:: What the task requires ::
Begin the copy at the line containing "Unidade com sala" in the data below and end it at the line containing "4、 在状态栏中选择潮湿预设样式。", keeping each line exact and leaving out pictures.

:: Given records ::
——
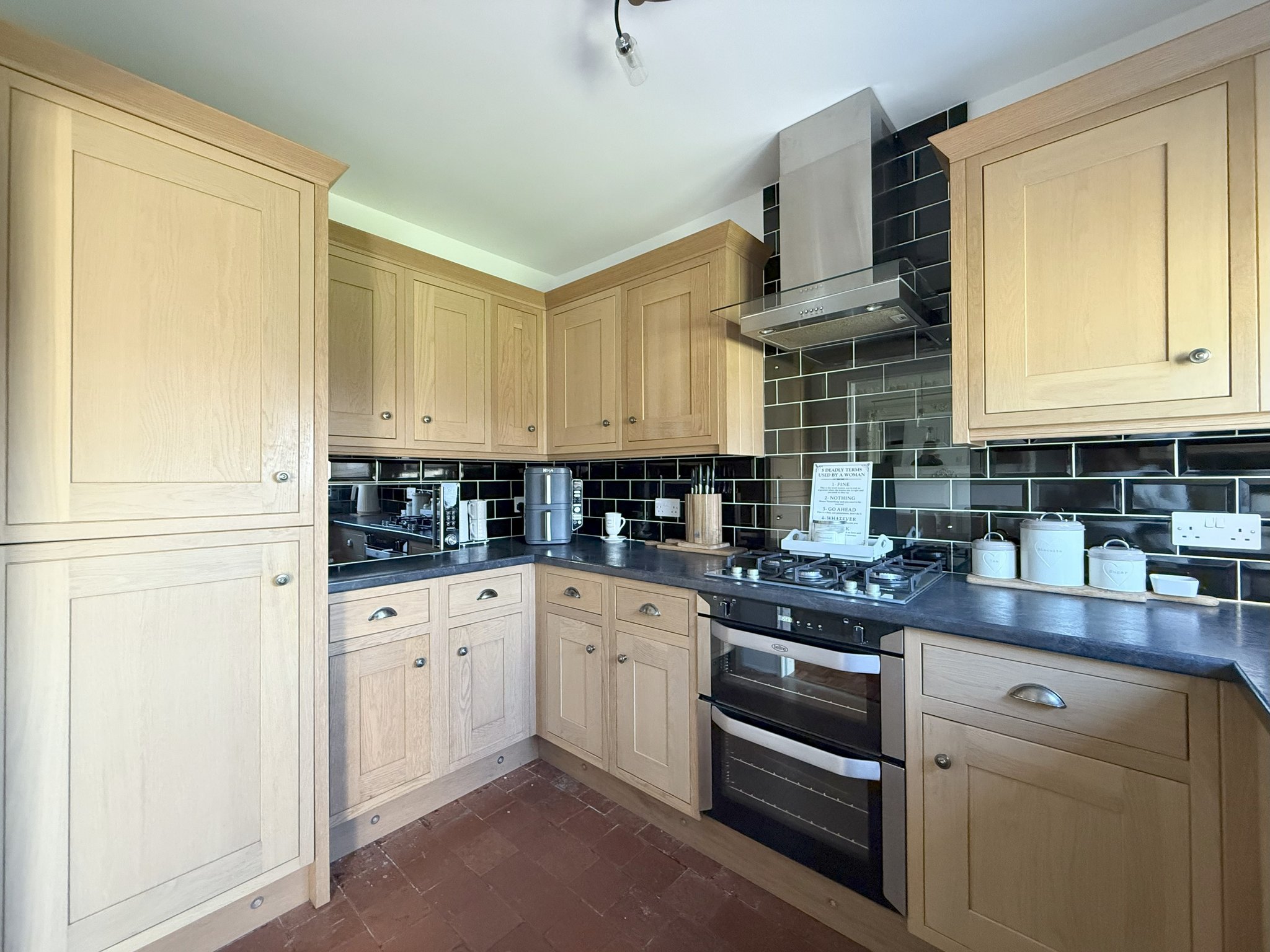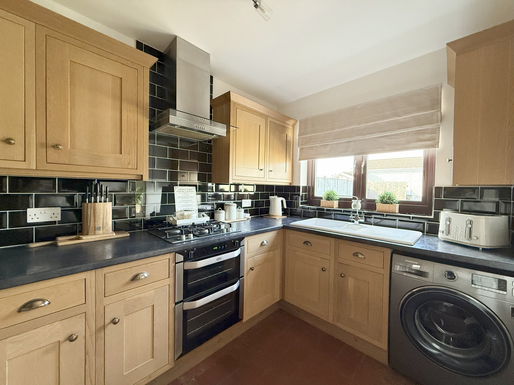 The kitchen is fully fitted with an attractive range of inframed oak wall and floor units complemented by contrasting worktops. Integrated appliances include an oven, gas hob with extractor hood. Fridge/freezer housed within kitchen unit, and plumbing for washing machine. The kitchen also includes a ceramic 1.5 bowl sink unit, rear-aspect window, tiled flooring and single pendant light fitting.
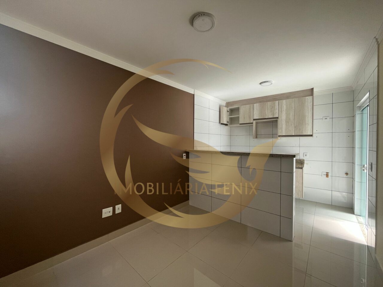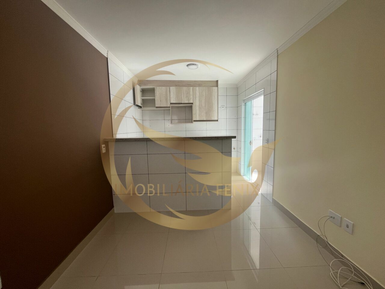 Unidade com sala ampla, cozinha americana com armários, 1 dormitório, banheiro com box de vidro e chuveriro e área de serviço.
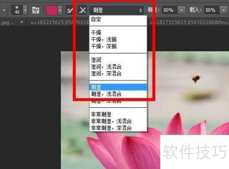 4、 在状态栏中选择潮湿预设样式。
——
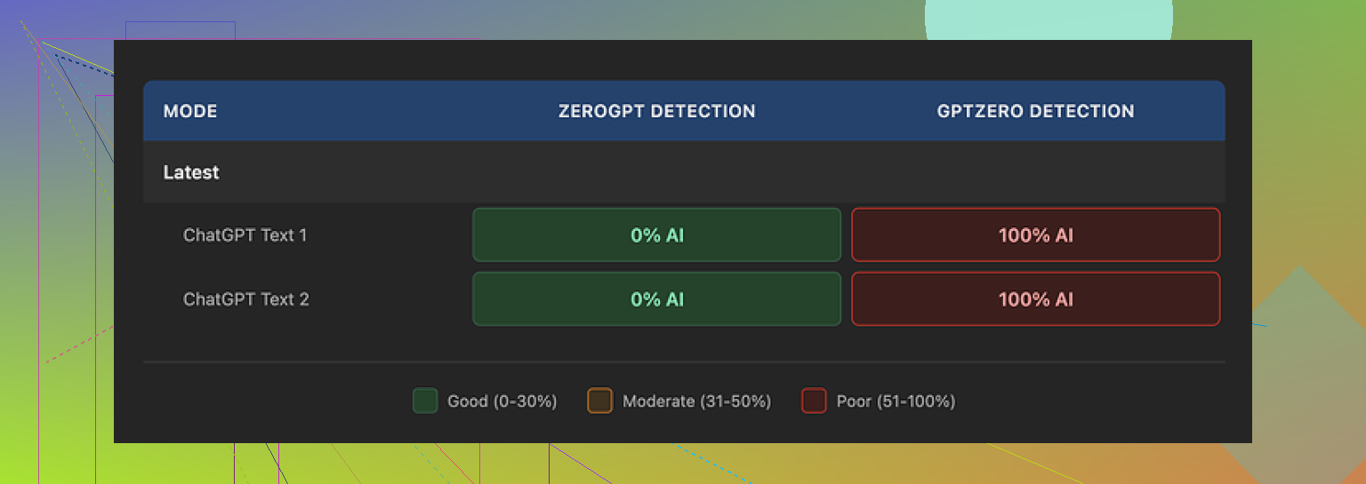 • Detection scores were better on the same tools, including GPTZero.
——
:: Solution to this task ::
 Unidade com sala ampla, cozinha americana com armários, 1 dormitório, banheiro com box de vidro e chuveriro e área de serviço.
 4、 在状态栏中选择潮湿预设样式。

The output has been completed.